__Provided information__.
►
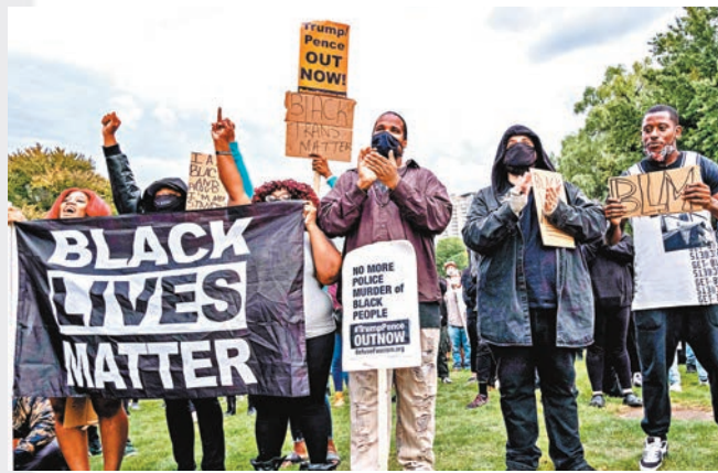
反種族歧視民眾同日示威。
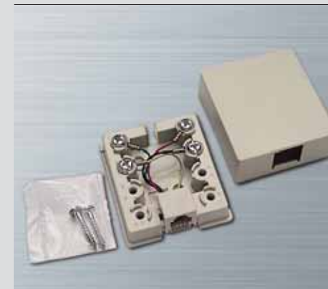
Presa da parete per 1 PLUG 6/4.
◄
►
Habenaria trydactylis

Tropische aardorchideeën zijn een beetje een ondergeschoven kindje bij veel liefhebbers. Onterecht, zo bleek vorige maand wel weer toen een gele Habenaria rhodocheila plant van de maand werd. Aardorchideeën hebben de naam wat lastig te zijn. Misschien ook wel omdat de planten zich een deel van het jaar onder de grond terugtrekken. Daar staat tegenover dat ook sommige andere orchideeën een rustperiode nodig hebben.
◄
►
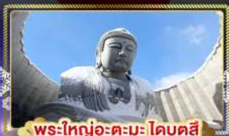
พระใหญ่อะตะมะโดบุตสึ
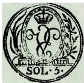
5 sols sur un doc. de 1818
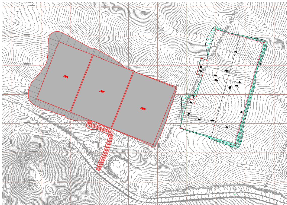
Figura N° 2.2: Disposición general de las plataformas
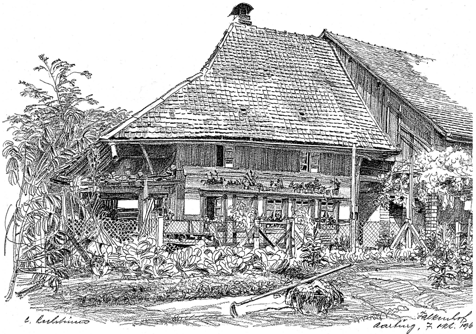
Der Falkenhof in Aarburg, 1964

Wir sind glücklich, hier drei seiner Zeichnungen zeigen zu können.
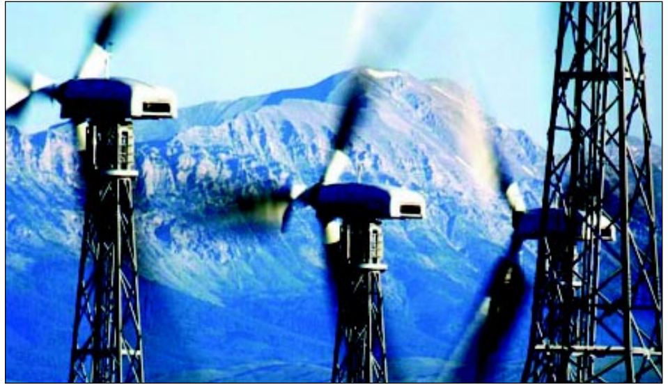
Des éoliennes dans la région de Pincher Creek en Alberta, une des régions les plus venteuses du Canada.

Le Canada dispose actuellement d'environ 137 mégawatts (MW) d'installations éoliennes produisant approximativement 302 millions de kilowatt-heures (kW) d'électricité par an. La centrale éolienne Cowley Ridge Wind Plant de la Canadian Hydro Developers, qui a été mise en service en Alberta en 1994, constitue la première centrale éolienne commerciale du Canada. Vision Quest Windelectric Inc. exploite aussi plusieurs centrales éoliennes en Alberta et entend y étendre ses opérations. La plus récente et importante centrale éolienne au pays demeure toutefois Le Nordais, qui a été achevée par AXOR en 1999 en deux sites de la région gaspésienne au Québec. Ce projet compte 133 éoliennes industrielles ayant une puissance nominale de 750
◄
__Instructions to follow__.
How many lines of the listing above hold "plus"? Answer with the number alone.

__Task answer__.
2